Fewer calls the decision “perfect.”

“We are delighted. It’s exactly what we wanted in terms of process. The decision says it will not permit an improper purpose to manifest itself. It gave them some rope but just enough to hang themselves.”

In fact, Voltage counsel James Zibarras of Brauti Thorning Zibarras LLP was also happy with the appointment of a case management judge. “It is great to have one judge involved all the way along to hear arguments and assess the issues,” he says.

He also anticipates a benefit from receiving the court’s stamp of approval on the demand letter. “The approval of the case management judge will protect us as well.”

Zibarras is very aware that his client is carving a new path. “Every time we have to jump through a hoop, it will have to be adjudicated,” he says. “It would be very frustrating for both sides to be starting from scratch every time. It is a continuum.”

The next legal battle will be over the cost to the ISP of producing the names. “ISPs have taken the position that the costs are very high,” says Zibarras.

“This is a self-serving means of interfering and creating a barrier to potential actions. We will see where it lands after that issue is resolved.”

Zibarras emphasizes that his client is merely enforcing long-recognized rights.

“We are doing nothing that infringes anyone’s rights. Stealing is stealing and it always will be stealing. We are not standing by and allowing the diminution of property rights but we knew there would be a lot of legwork involved. We are carving new ground.”

Fewer gives Voltage the backhanded compliment of calling it the best of the copyright trollers.

“Many others are tremendously deceptive. I think the court had half an eye cocked towards all the really bad actors watching to see if Canada is open for business.”

In fact, the prothonotary talked in terms of “fence posts” inserted in the process to restrain the conduct of the plaintiffs. “This is reflected in a limitation on the extent of the information, a limitation to control the use of the information, control over the letter to be sent out, costs to be paid and prepaid, and the case management of the proceedings,” says McHaffie.

He believes the measures will be very effective. “This set of protections will make those considering mass copyright trolling to think twice before proceeding. It will not be an easy entry for anyone sending out a broad array of threatening letters in hopes of reaping a reward.”

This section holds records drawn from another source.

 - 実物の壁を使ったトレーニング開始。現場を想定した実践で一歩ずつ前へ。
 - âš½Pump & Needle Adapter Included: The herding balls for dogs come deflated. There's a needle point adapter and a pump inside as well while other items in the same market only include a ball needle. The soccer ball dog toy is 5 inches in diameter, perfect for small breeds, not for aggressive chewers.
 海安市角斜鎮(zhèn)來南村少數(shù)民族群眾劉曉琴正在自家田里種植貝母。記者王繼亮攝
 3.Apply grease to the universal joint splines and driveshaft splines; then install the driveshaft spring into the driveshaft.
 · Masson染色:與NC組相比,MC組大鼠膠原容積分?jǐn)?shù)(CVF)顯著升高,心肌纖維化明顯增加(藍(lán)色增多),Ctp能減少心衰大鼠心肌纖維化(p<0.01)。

The decision accords with the government’s treatment of the issue in capping damages for non-commercial copyright infringement at $5,000 with judges directed to make awards proportionate to the breach. “Parliament made an explicit direction that it doesn’t want copyright used this way,” says Fewer.

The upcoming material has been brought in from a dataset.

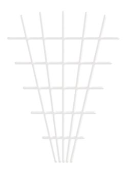 Support grid for climbing plants. V-shaped appearance. Color coordinated with wood and plants. It helps maintain the natural shape of plants and thus enhances their naturalness in the given environment. Use outdoors and indoors.

McHaffie agrees. “No one is condoning copyright infringement, but the structure of the act makes it clear that it is not designed to create lawsuits against individual users regardless of the context.”

Fewer anticipates that even if Voltage does locate the alleged infringers and proves the infringement, the amount of damages may be negligible. “They can’t prove thousands of dollars in damages. It’s hard to show any damages at all. They are out of the cost of a DVD rental or a paid movie download. This decision has shut the door on copyright trolling in Canada.”

Zibarras contends that the damages sought by Voltage are reasonable. “We are not out to destroy someone because they stole a movie. You have to keep it in perspective. It doesn’t matter whether the damages are $100 or $5,000. It’s the message it sends out. If someone stole a T-shirt or running shoes, the amount viewed as a detriment is something more than it would have cost for the shoes.”

Zibarras believes Aalto’s decision has already sent out a message that illegal downloaders are exposing themselves to penalty.